→ ABOUT THIS EXERCISE
Return, word for word, only the lines of the data below that lie between the line with "On the specifications" and the line with "Hi, I started", those two lines included.

Stored items from a collection
********

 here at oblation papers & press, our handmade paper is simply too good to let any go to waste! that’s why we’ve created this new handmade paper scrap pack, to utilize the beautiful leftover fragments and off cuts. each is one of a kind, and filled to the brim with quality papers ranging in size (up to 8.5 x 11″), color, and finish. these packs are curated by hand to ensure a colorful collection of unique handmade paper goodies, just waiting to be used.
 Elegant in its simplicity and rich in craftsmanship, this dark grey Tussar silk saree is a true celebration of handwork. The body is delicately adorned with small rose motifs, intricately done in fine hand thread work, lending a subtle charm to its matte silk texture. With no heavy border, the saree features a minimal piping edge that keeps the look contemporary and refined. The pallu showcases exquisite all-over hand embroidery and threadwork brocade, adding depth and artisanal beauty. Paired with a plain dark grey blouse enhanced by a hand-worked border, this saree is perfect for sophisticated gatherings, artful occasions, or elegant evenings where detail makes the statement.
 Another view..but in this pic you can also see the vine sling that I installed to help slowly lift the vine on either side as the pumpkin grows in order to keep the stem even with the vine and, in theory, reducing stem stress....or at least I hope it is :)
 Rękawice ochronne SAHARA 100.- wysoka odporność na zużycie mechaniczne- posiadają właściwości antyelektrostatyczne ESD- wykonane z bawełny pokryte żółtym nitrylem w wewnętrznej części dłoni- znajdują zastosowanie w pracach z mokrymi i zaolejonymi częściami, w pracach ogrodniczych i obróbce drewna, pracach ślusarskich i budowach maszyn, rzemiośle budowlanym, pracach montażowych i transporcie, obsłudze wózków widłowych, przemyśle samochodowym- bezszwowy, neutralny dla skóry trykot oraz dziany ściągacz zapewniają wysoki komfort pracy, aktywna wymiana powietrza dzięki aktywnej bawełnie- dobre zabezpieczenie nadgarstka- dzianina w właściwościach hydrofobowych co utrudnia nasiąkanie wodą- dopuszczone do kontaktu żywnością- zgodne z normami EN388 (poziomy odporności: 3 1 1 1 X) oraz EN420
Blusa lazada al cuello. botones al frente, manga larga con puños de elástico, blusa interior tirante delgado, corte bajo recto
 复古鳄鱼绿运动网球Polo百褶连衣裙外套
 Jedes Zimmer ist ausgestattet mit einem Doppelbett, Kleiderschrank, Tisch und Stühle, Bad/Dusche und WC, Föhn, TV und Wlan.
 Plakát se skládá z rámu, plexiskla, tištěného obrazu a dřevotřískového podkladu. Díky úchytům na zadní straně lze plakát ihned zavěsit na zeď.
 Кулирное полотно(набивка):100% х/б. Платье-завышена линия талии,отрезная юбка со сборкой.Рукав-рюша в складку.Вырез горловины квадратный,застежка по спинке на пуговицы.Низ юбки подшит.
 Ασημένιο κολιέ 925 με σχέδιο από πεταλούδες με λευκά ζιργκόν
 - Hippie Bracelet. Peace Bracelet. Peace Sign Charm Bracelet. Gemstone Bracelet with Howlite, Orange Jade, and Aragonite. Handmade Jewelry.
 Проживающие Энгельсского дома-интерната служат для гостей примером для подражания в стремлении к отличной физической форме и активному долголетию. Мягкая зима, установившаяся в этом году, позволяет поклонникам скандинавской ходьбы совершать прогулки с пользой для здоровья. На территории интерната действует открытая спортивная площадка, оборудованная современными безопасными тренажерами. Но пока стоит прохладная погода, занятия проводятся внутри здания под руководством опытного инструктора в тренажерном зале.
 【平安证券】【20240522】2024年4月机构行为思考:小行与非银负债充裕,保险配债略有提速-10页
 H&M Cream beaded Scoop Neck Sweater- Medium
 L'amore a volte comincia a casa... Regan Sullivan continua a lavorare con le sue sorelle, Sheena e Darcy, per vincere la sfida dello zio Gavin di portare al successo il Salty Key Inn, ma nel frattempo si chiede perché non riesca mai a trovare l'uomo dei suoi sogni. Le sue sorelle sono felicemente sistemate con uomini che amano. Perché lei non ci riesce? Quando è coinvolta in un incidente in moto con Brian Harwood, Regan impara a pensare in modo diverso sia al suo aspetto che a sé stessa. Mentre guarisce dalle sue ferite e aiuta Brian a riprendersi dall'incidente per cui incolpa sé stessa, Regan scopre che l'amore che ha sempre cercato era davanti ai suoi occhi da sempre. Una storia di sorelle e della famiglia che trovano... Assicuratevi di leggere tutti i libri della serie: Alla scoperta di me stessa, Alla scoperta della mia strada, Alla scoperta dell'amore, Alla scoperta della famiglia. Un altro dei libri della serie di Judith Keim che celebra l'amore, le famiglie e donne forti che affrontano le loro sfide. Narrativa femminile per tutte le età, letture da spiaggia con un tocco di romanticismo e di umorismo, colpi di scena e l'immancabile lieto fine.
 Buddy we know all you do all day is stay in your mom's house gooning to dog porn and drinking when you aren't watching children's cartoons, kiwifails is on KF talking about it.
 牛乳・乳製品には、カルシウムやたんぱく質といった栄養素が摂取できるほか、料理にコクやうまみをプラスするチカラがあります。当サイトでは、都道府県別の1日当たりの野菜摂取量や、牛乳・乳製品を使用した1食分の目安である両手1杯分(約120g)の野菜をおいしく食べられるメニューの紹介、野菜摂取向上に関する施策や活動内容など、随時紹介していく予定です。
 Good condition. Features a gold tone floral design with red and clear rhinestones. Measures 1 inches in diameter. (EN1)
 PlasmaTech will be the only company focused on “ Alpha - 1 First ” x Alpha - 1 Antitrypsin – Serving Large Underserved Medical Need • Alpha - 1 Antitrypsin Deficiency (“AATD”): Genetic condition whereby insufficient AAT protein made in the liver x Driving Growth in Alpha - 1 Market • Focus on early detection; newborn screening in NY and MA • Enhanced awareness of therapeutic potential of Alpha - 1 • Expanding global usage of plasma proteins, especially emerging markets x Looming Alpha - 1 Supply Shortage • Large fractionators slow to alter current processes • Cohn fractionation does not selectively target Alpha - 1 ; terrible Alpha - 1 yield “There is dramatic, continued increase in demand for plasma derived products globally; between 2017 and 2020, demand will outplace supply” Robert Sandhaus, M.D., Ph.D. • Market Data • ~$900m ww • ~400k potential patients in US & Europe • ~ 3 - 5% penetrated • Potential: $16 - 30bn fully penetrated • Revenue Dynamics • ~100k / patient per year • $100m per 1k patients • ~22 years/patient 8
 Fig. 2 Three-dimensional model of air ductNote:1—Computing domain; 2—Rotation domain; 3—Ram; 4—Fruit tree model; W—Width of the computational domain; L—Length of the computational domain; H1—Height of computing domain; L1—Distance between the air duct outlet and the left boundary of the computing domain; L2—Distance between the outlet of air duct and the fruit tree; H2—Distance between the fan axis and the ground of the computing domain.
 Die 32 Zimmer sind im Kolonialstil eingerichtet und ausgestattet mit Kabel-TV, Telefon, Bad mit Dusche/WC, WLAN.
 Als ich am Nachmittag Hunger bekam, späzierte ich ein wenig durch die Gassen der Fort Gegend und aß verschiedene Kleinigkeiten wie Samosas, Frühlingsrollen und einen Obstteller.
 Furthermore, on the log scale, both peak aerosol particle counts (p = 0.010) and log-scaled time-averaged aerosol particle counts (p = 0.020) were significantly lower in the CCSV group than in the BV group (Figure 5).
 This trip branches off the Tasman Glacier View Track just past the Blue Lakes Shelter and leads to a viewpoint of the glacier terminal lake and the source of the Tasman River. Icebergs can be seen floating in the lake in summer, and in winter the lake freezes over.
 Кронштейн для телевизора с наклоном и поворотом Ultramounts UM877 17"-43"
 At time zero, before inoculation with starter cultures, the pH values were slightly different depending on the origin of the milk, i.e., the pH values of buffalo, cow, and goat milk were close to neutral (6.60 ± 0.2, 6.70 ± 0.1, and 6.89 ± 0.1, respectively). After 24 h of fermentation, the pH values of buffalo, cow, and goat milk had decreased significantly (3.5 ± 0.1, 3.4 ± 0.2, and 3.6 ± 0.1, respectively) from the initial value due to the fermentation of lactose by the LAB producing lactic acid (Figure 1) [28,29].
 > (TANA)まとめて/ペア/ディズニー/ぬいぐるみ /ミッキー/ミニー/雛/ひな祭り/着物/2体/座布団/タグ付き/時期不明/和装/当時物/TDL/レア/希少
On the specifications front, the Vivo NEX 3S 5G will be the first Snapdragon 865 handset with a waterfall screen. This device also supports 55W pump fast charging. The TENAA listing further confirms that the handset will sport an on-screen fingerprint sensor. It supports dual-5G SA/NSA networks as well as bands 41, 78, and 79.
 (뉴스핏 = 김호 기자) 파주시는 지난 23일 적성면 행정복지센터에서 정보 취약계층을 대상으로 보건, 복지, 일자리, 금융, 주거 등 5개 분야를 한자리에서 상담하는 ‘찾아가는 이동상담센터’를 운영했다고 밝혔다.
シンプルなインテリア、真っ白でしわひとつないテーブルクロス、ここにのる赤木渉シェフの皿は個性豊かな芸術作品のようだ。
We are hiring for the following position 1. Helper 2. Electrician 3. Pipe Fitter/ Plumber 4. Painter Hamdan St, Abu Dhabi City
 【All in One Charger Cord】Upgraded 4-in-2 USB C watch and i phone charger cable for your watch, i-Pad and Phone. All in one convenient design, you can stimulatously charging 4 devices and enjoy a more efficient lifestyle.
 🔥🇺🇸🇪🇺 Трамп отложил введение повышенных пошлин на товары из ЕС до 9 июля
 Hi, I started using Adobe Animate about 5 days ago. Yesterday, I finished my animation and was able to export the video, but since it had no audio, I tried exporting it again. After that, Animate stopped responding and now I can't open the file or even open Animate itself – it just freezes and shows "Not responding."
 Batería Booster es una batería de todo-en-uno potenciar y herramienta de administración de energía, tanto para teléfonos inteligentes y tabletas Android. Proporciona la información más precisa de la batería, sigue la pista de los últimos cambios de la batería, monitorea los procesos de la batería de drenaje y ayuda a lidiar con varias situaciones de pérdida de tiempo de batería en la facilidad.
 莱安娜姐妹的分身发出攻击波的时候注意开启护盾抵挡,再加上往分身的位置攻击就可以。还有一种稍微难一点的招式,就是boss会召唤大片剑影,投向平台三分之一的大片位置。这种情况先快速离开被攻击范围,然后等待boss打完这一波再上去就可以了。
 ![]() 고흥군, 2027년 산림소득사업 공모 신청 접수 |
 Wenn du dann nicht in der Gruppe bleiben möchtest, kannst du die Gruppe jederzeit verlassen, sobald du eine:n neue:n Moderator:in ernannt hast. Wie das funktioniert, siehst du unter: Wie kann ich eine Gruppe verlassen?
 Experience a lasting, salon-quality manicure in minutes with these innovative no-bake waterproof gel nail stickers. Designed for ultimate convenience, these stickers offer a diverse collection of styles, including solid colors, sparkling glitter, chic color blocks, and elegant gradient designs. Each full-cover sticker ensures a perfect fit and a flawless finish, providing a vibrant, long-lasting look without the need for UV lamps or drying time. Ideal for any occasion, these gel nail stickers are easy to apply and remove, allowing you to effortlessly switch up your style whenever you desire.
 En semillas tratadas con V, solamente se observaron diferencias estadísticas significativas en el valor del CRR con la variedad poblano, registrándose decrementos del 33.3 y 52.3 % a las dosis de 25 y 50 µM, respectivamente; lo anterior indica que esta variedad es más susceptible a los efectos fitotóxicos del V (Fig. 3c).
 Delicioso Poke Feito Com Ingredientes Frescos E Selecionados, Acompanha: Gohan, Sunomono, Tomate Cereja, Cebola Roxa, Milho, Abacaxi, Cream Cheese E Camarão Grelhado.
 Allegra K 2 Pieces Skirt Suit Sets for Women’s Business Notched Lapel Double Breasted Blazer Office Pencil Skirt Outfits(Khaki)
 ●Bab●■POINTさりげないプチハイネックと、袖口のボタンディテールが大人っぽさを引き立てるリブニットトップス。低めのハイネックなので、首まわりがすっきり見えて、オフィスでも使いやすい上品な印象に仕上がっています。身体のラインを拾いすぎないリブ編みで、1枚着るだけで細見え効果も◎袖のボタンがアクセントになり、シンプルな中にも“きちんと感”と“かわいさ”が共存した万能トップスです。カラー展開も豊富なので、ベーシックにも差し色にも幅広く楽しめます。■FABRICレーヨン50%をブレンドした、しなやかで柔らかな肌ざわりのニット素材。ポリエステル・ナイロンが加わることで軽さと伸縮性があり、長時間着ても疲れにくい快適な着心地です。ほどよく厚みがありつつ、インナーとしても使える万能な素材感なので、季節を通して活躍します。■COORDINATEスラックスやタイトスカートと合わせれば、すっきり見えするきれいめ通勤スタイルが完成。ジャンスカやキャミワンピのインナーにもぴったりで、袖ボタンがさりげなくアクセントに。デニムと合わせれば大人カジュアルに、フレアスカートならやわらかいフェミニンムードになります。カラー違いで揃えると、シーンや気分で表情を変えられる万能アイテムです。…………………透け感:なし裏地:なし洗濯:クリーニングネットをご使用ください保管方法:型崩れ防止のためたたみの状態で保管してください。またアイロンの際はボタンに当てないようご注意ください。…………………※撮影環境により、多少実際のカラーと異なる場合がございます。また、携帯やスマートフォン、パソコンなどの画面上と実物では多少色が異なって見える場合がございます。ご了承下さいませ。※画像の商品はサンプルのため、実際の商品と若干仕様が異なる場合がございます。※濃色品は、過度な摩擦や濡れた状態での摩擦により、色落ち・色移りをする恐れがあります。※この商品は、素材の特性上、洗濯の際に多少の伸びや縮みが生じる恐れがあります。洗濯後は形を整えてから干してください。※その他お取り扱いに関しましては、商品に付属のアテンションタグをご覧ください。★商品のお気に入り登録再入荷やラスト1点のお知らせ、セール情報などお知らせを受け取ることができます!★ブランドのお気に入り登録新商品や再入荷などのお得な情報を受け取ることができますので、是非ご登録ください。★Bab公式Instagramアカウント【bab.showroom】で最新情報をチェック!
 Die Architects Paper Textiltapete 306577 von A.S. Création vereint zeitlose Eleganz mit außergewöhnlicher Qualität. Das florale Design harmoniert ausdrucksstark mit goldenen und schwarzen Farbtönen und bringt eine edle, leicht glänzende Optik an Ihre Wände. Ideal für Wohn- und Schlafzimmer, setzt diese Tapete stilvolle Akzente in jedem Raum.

********

→ RESPONSE AREA
On the specifications front, the Vivo NEX 3S 5G will be the first Snapdragon 865 handset with a waterfall screen. This device also supports 55W pump fast charging. The TENAA listing further confirms that the handset will sport an on-screen fingerprint sensor. It supports dual-5G SA/NSA networks as well as bands 41, 78, and 79.
 (뉴스핏 = 김호 기자) 파주시는 지난 23일 적성면 행정복지센터에서 정보 취약계층을 대상으로 보건, 복지, 일자리, 금융, 주거 등 5개 분야를 한자리에서 상담하는 ‘찾아가는 이동상담센터’를 운영했다고 밝혔다.
シンプルなインテリア、真っ白でしわひとつないテーブルクロス、ここにのる赤木渉シェフの皿は個性豊かな芸術作品のようだ。
We are hiring for the following position 1. Helper 2. Electrician 3. Pipe Fitter/ Plumber 4. Painter Hamdan St, Abu Dhabi City
 【All in One Charger Cord】Upgraded 4-in-2 USB C watch and i phone charger cable for your watch, i-Pad and Phone. All in one convenient design, you can stimulatously charging 4 devices and enjoy a more efficient lifestyle.
 🔥🇺🇸🇪🇺 Трамп отложил введение повышенных пошлин на товары из ЕС до 9 июля
 Hi, I started using Adobe Animate about 5 days ago. Yesterday, I finished my animation and was able to export the video, but since it had no audio, I tried exporting it again. After that, Animate stopped responding and now I can't open the file or even open Animate itself – it just freezes and shows "Not responding."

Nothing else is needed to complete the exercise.